## YOUR GOAL
Your output should be the exact lines from the start of the data through the line containing "sudo cp -v passwds.txt", with no pictures.

*** Opening of INFORMATION SUPPLIED ***

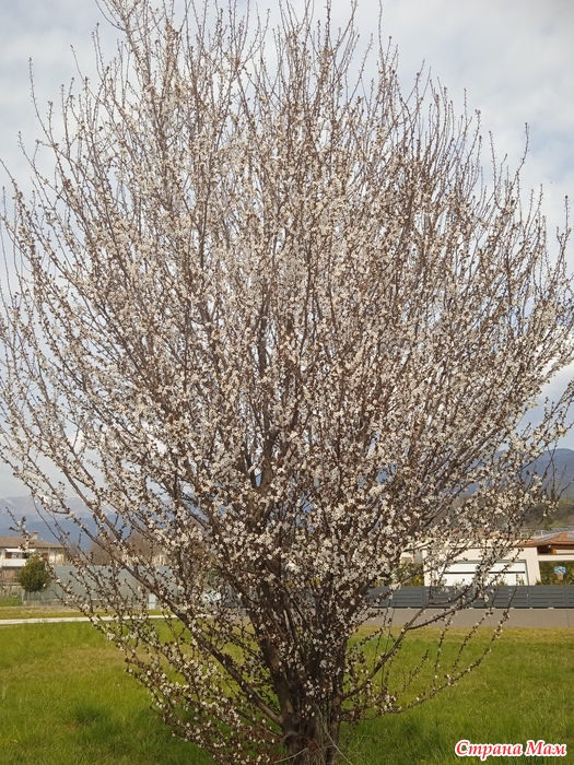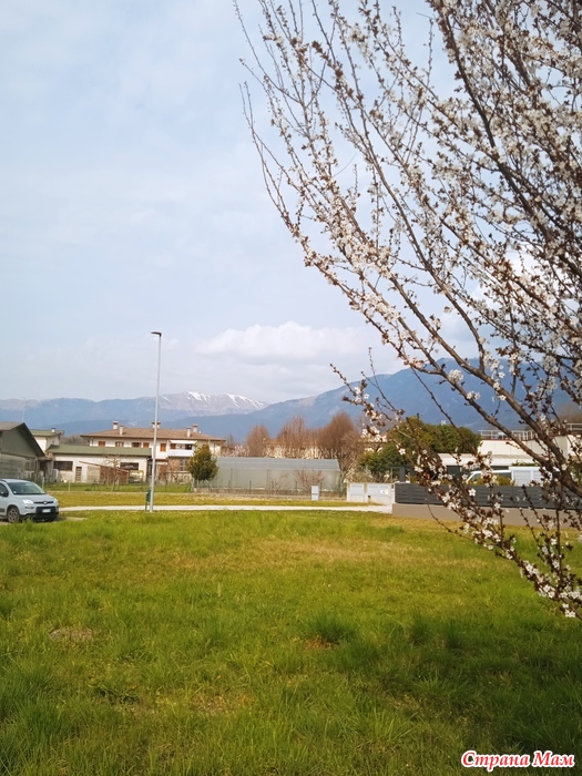 А Вам местная итальянская магнолия и слива. Фото сделаны сегодня. На последнем фото немного снега в горах(именна эта, гора, 1500 над уровнем моря). А за ней в 100 км(серпантинной дорогой), Кортина Д’Аэмпеццо.
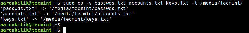 sudo cp -v passwds.txt accounts.txt keys.txt -t /media/tecmint/
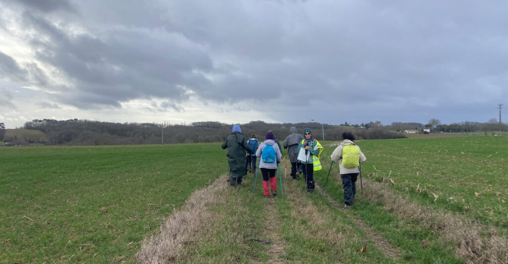 Malgré les prévisions météo annonçant de fortes pluies, nous étions 10 randonneurs aguerris au Rdv sous la halle de Seyches à espérer que la pluie cesserait pour pouvoir partir ! Motivés, nous nous sommes tous équipés pour affronter le déluge (bottes, guêtres, cape de pluie…) mais quelques minutes avant l’heure du départ, à notre (très) grande surprise, le ciel s’est soudain découvert. Profitant de cette accalmie inespérée, nous avons visité le village puis nous sommes joyeusement élancés sur les chemins. La météo a fait l’objet de nombreux échanges et des paris ont été lancés par les uns et les autres sur les possibilités de retour de la pluie… Malgré quelques panoramas un peu brumeux et certains passages inondés, nous avons largement profité de cette belle randonnée et des paysages du Lot-et-Garonne ! Au retour, notre persévérance a une nouvelle fois été récompensée par un bon petit gouté préparé par Marie, notre animatrice du jour.

*** Close of INFORMATION SUPPLIED ***

## TASK RESPONSE
 А Вам местная итальянская магнолия и слива. Фото сделаны сегодня. На последнем фото немного снега в горах(именна эта, гора, 1500 над уровнем моря). А за ней в 100 км(серпантинной дорогой), Кортина Д’Аэмпеццо.
 sudo cp -v passwds.txt accounts.txt keys.txt -t /media/tecmint/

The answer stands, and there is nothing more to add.